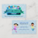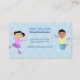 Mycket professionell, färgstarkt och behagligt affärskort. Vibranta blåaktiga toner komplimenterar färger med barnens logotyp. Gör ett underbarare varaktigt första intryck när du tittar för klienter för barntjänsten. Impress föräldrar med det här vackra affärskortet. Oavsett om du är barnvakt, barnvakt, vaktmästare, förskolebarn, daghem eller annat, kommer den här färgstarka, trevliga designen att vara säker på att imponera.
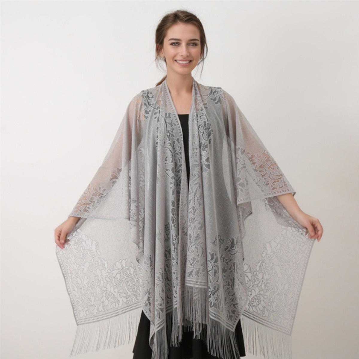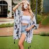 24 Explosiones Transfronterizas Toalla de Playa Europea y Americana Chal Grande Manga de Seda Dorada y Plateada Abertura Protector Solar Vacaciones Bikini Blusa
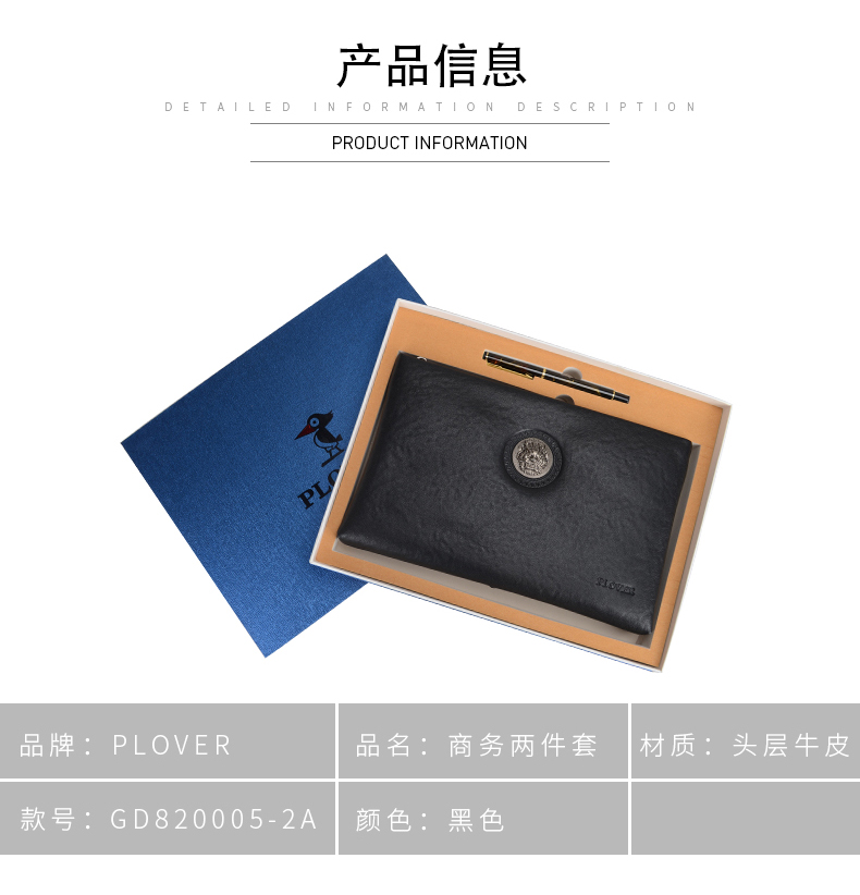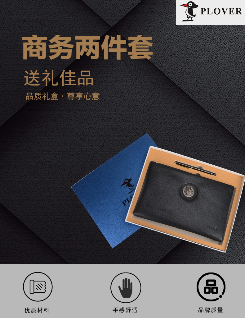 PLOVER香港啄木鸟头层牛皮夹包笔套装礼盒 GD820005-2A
..............................
Work request: Return the complete data unchanged and include none of the pictures.

Solution to this task:
 Mycket professionell, färgstarkt och behagligt affärskort. Vibranta blåaktiga toner komplimenterar färger med barnens logotyp. Gör ett underbarare varaktigt första intryck när du tittar för klienter för barntjänsten. Impress föräldrar med det här vackra affärskortet. Oavsett om du är barnvakt, barnvakt, vaktmästare, förskolebarn, daghem eller annat, kommer den här färgstarka, trevliga designen att vara säker på att imponera.
 24 Explosiones Transfronterizas Toalla de Playa Europea y Americana Chal Grande Manga de Seda Dorada y Plateada Abertura Protector Solar Vacaciones Bikini Blusa
 PLOVER香港啄木鸟头层牛皮夹包笔套装礼盒 GD820005-2A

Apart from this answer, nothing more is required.